»»

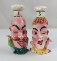 Vtg Anthropomorphic Caricature French Chef Couple Salt & Pepper Shakers Japan
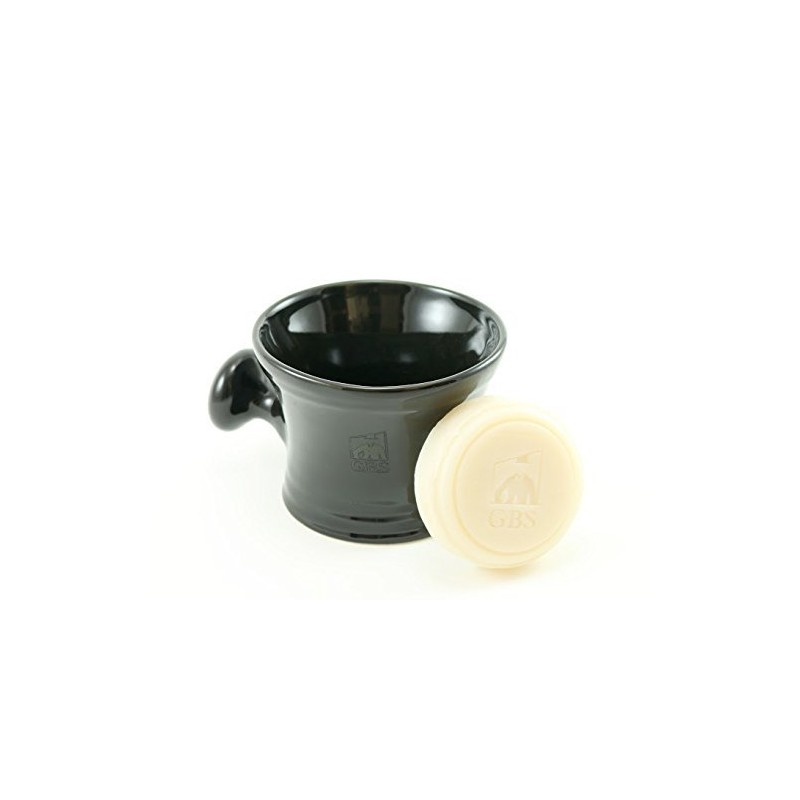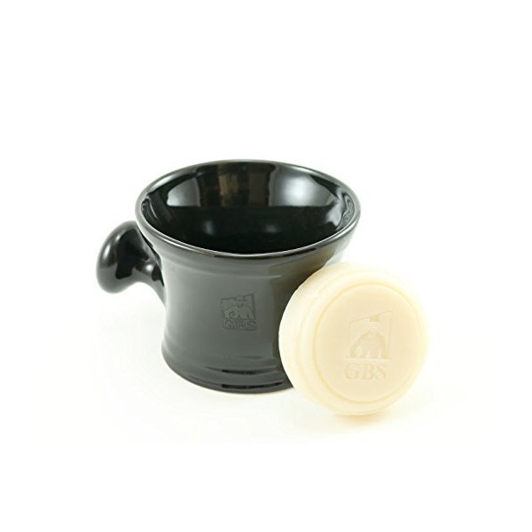 GBS Ceramic Black Shaving Bowl / Mug with Handle Knob-- Comes with 3 Oz 97% Natural GBS Soap -- Fits up to a 4 Oz Soap by GBS
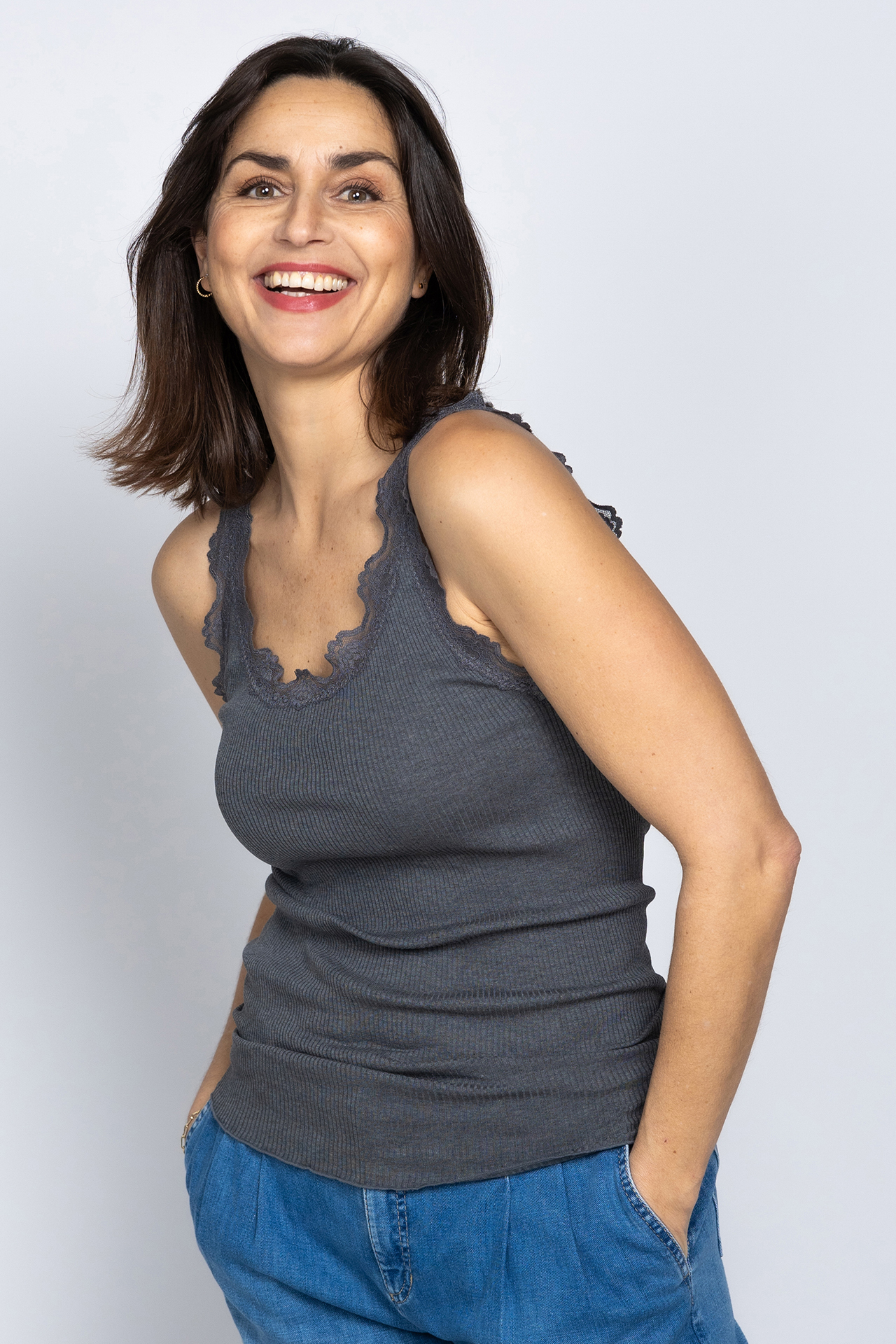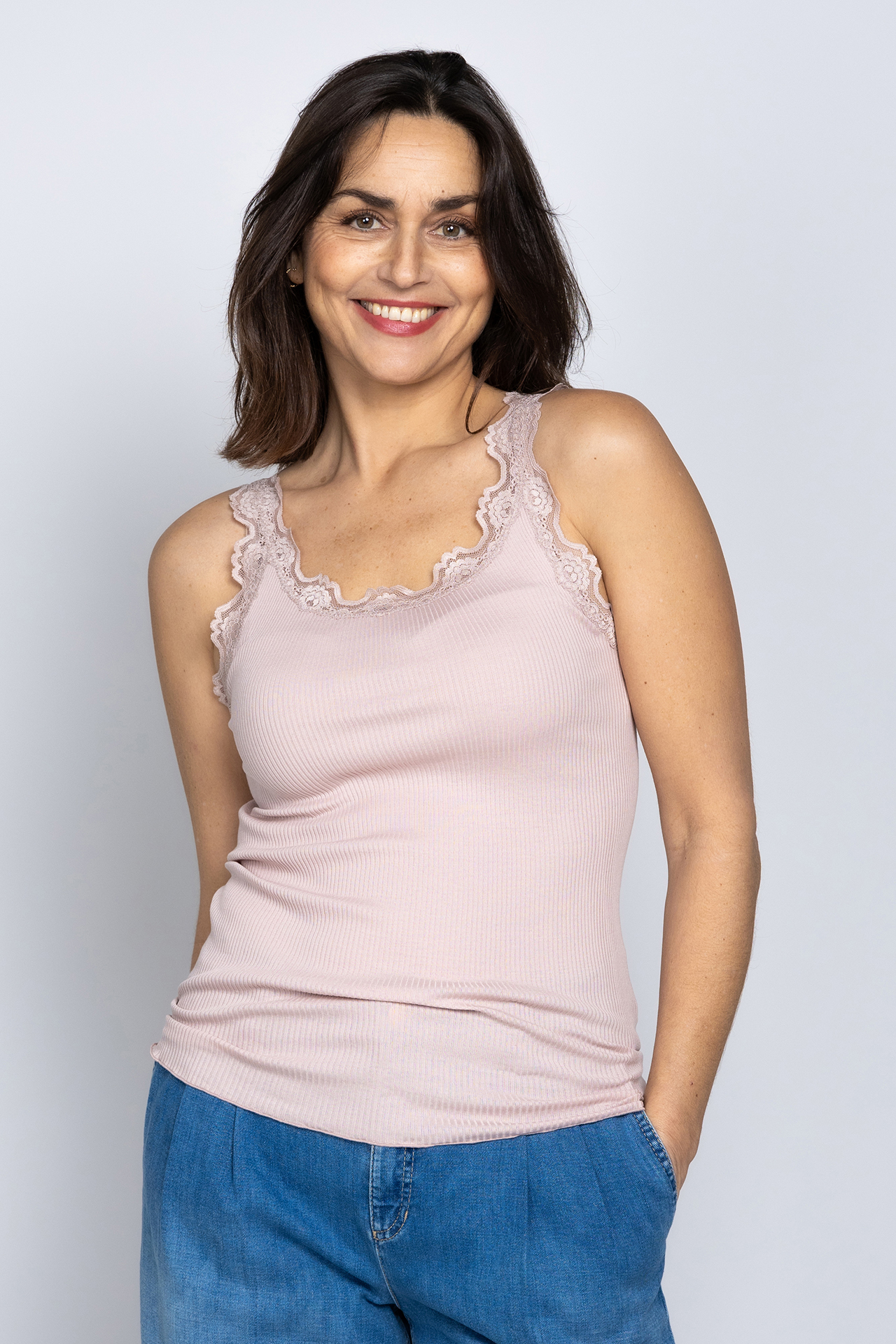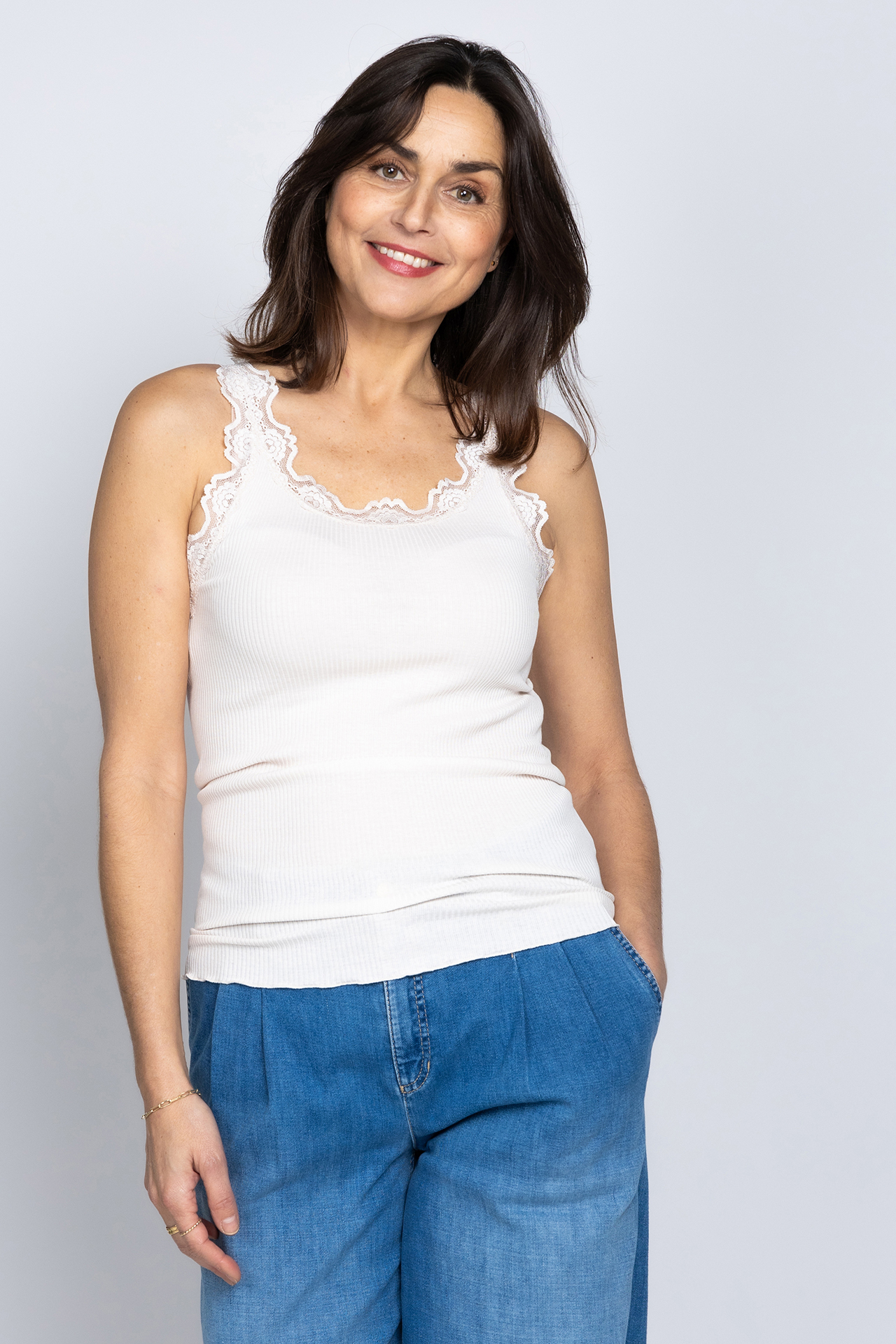 Zijde- en katoenmix rib top met kant en een subtiele glans in de stof
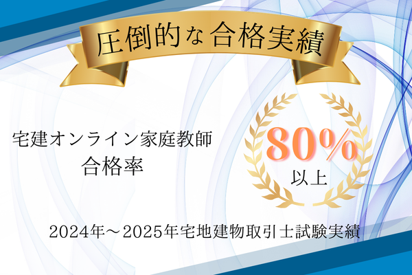宅建試験の全国平均合格率は約15%前後ですが、宅建オンライン家庭教師では、2024年(令和6年)、2025年(令和7年)の2年連続で合格率80%超を達成しています。今の点数・残り期間から状況を整理し、合格に直結する内容だけに集中することで、最短ルートでの合格を実現しています。
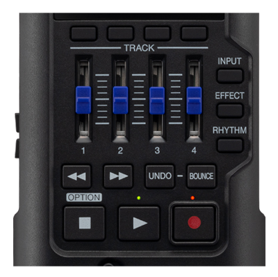 С R4 вы сможете записывать до четырех дорожек, сводить их и отправлять результат на выделенный «bounce-трек» (отскок). Таким образом, вы освобождаете дорожки, чтобы можно было продолжать наслаивать звуки на композицию.

««

ACTION ITEM: Please write out all the entries above again exactly as they appear, skipping any images.

YOUR SOLUTION:
 Vtg Anthropomorphic Caricature French Chef Couple Salt & Pepper Shakers Japan
 GBS Ceramic Black Shaving Bowl / Mug with Handle Knob-- Comes with 3 Oz 97% Natural GBS Soap -- Fits up to a 4 Oz Soap by GBS
 Zijde- en katoenmix rib top met kant en een subtiele glans in de stof
宅建試験の全国平均合格率は約15%前後ですが、宅建オンライン家庭教師では、2024年(令和6年)、2025年(令和7年)の2年連続で合格率80%超を達成しています。今の点数・残り期間から状況を整理し、合格に直結する内容だけに集中することで、最短ルートでの合格を実現しています。
 С R4 вы сможете записывать до четырех дорожек, сводить их и отправлять результат на выделенный «bounce-трек» (отскок). Таким образом, вы освобождаете дорожки, чтобы можно было продолжать наслаивать звуки на композицию.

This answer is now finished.